Lucie Henebelle s’exprimait d’une voix douce et posée, laissant de grands blancs entre chaque parole. Elle prenait des notes sur un carnet, sachant que la veuve ferait sa déposition plus tard, au 36.
— Soyez certaine que nous allons tout mettre en œuvre pour retrouver celui qui a fait ça. Mais nous avons besoin que vous nous décriviez ce qui s’est passé cette nuit. Plus vous serez précise, plus nous aurons de chances d’avancer rapidement.

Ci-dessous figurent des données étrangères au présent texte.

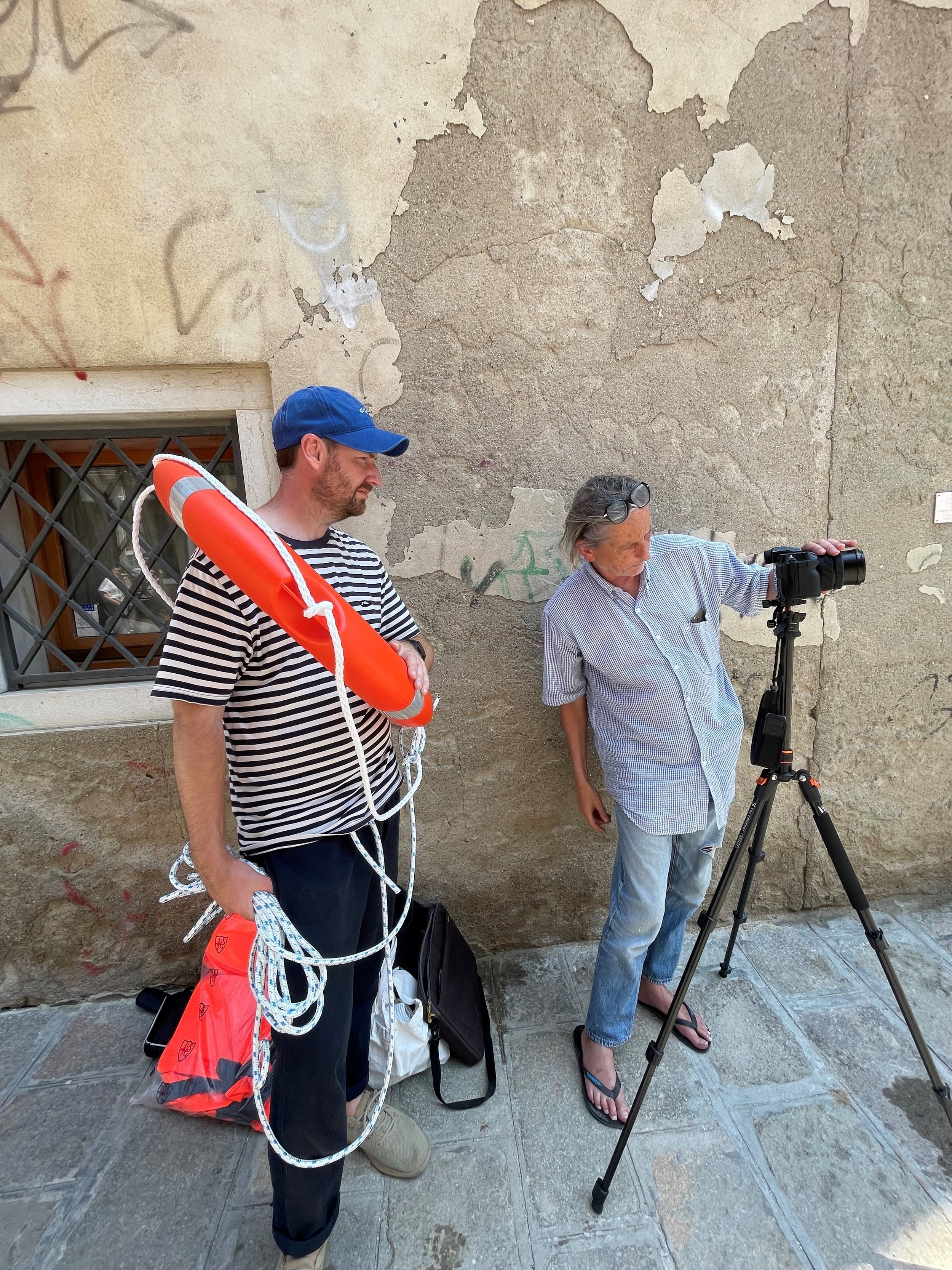 From these shared provocations, three video works emerged. One followed a turista crossing the Rialto Bridge in a life jacket, a strange and quiet alarm amid the flow of tourists. Another reimagined the DOGE’s ring ceremony with a salvagente, a bright orange, ring shaped, life buoy, flung from the Bridge of Fists in a gesture both playful and political. The third tracked emergency boat lights flickering through dry alleyways, signaling disorientation, urgency, and collapse.

Mme Blanché eut un long regard vague. Elle respira un grand coup.
— Quand mon mari travaille de jour, il rentre ici vers 22 h 30, ça dépend du monde sur les routes. Il mange, regarde un peu la télé et sort Gypsi aux alentours de minuit…
Elle utilisait le présent, en plein déni. Lucie essaya de ne pas la perturber.
— Où travaille-t-il ?
— Il est chef d’équipe à Orly, il s’occupe de la maintenance. La réparation de machines, des trucs comme ça. Je sais qu’il passe son temps sous l’aéroport, à manager une petite dizaine d’hommes.
— Il travaille parfois de nuit ?
— Oui, il change de poste tous les quinze jours. Il vient… Il venait justement de terminer son cycle de jour.
— Donc, il était quelle heure, cette nuit, quand il est sorti promener le chien ?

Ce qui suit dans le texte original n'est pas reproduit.